I've tried to focus on several aspects of stress-ng over the last last development cycle:
  • Improve per-stressor modularization. A lot of code has been moved from the core of stress-ng back into each stress test.
  • Clean up a lot of corner case bugs found when we've been testing stress-ng in production.  We exercise stress-ng on a lot of hardware and in various cloud instances, so we find occasional bugs in stress-ng.
  • Improve usability, for example, adding bash command completion.
  • Improve portability (various kernels, compilers and C libraries).
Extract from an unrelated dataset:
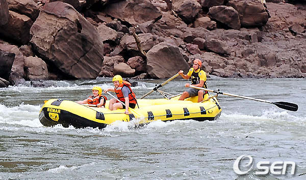 '마코쿠 사파리'를 하다보면 거센 물살을 헤치고 내려오는 래프팅족을 만날 수 있다.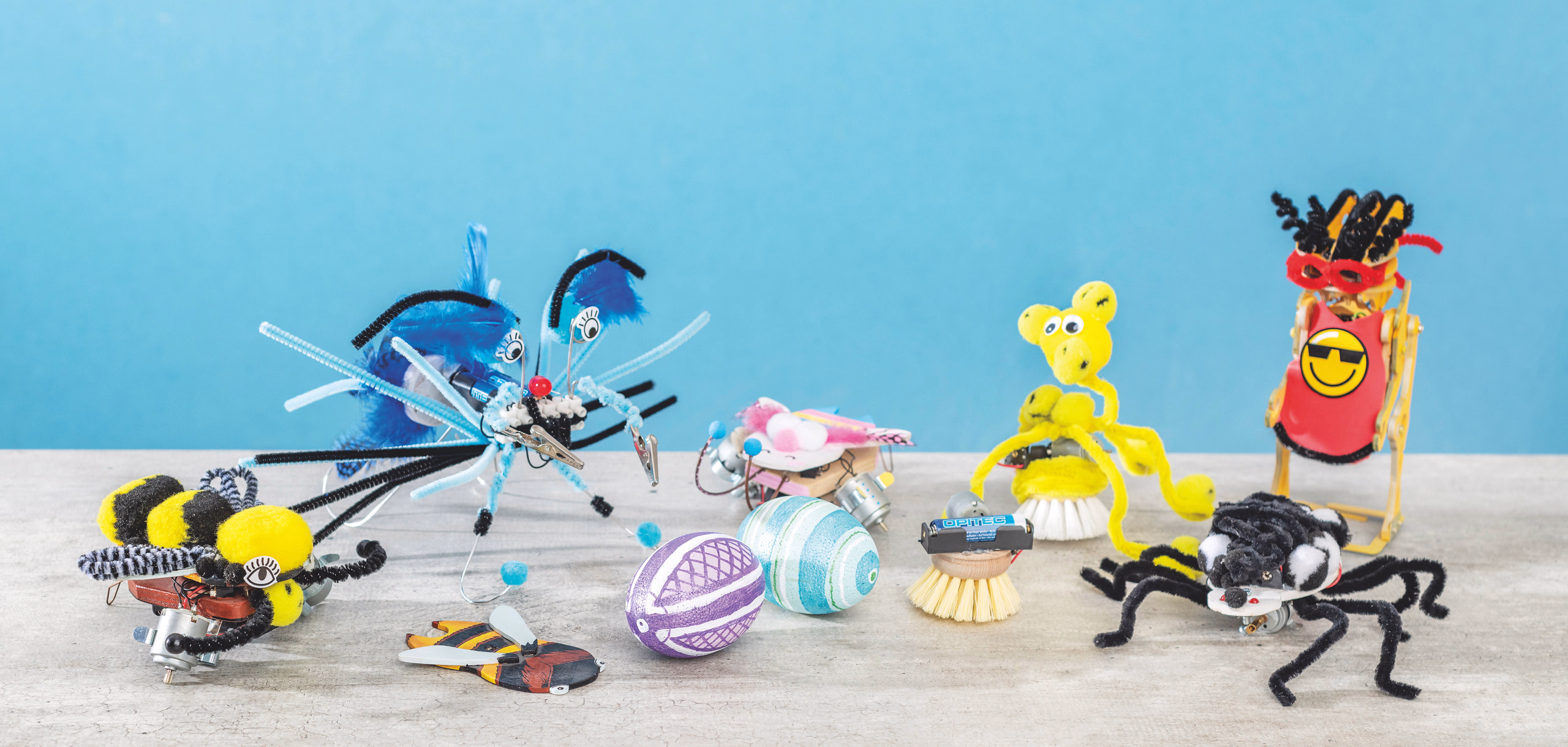 Bausatz ähnelt einer echten Spinne. Durch die Wackelbewegung, verursacht durch einen Elektromotor, der eine Unwucht erzeugt und diese auf die ...

It really builds on runs on a *lot* of Linux/UNIX/POSIX systems.
  • Improve kernel test coverage.  Try to exercise more kernel core functionality and reach parts other tests don't yet reach.
Over the past several days I've been running various versions of stress-ng on a gcov enabled 5.0 kernel to measure kernel test coverage with stress-ng.  As shown below, the tool has been slowly gaining more core kernel coverage over time:

With the use of gcov + lcov, I can observe where stress-ng is not currently exercising the kernel and this allows me to devise stress tests to touch these un-exercised parts.  The tool has a history of tripping kernel bugs, so I'm quite pleased it has helped us to find corners of the kernel that needed improving.

This week I released V0.09.59 of stress-ng.  Apart from the usual sets of clean up changes and bug fixes, this new release now incorporates bash command line completion to make it easier to use.  Once the 5.2 Linux kernel has been released and I'm satisfied that stress-ng covers new 5.2 features I will  probably be releasing V0.10.00. This  will be a major release milestone now that stress-ng has realized most of my original design goals.

Saturday 5 January 2019

Kernel commits with "Fixes" Tag (revisited)

Last year I wrote about kernel commits that are tagged with the "Fixes" tag. Kernel developers use the "Fixes" tag on a bug fix commit to reference an older commit that originally introduced the bug.   The adoption of the tag has been steadily increasing since v3.12 of the kernel:

The red line shows the number of commits per release of the kernel, and the blue line shows the number of commits that contain a "Fixes" tag.

In terms of % of commits that contain the "Fixes" tag, one can see it has been steadily increasing since v3.12 and almost 12.5% of kernel commits in v4.20 are tagged this way.

The fixes tag contains the commit SHA of the commit that was fixed, so one can look up the date of the fix and of the commit being fixed and determine the time taken to fix a bug.

As one can see, a lot of issues get fixed on the first few hundred days, and some bugs take years to get fixed.  Zooming into the first hundred days of fixes the distribution looks like:


..the modal point is at day 4, I suspect these are issues that get found quickly when commits land in linux-next and are found in early testing, integration builds and static analysis.

Out of the thousands of "Fixes" tagged commits and the time to fix an issue one can determine how long it takes to fix a specific percentage of the bugs:


In the graph above, 50% of fixes are made within 151 days of the original commit, ~69% of fixes are made within a year of the original commit and ~82% of fixes are made within 2 years.  The long tail indicates that there are some bugs that take a while to be found and fixed,  the final 10% of bugs take more than 3.5 years to be found and fixed.

Comparing the time to fix issues for kernel versions v4.0, v4.10 and v4.20 for bugs that are fixed in less than 50 days we have:


... the trends are similar, however it is worth noting that more bugs are getting found and fixed a little faster in v4.10 and v4.20 than v4.0.  It will be interesting to see how these trends develop over the next few years.